- **YOUR INSTRUCTIONS**:
Return the lines of the data below starting at the one holding "Black JoyLab one-piece" and ending at the one holding "ASOS DESIGN –", word for word, leaving every picture out.

- **RECORDS TO PROCESS**:

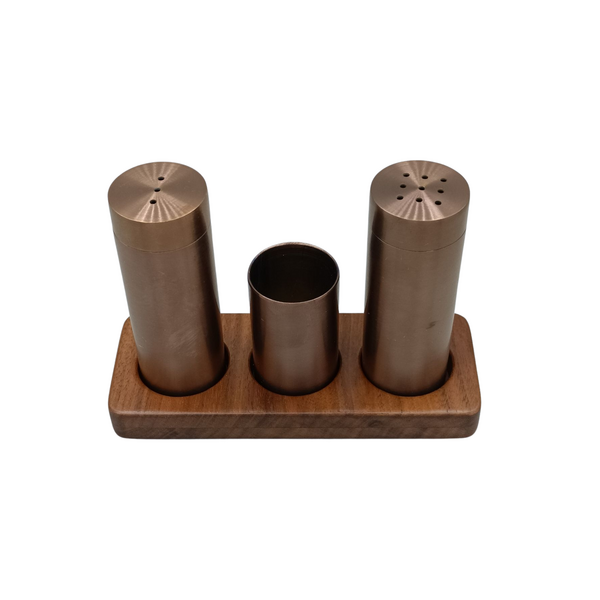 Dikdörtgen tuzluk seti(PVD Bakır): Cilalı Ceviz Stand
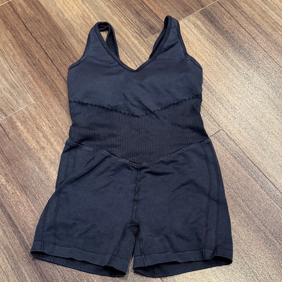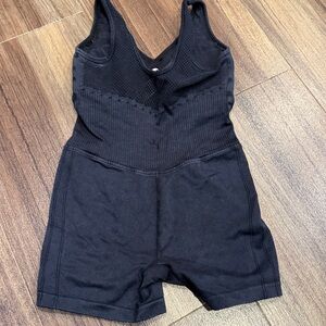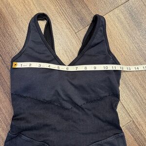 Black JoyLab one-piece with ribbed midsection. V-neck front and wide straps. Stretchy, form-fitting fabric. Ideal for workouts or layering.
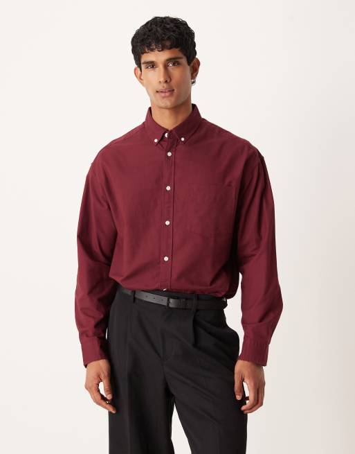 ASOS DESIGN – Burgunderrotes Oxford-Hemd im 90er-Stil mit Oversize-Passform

---

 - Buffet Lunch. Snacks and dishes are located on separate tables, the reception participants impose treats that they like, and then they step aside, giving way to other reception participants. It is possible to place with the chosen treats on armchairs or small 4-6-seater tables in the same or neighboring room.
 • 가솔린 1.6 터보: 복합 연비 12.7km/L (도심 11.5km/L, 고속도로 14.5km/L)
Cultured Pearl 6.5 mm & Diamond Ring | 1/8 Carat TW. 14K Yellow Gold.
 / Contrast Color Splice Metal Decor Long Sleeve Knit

- **TASK RESPONSE**:
 Black JoyLab one-piece with ribbed midsection. V-neck front and wide straps. Stretchy, form-fitting fabric. Ideal for workouts or layering.
 ASOS DESIGN – Burgunderrotes Oxford-Hemd im 90er-Stil mit Oversize-Passform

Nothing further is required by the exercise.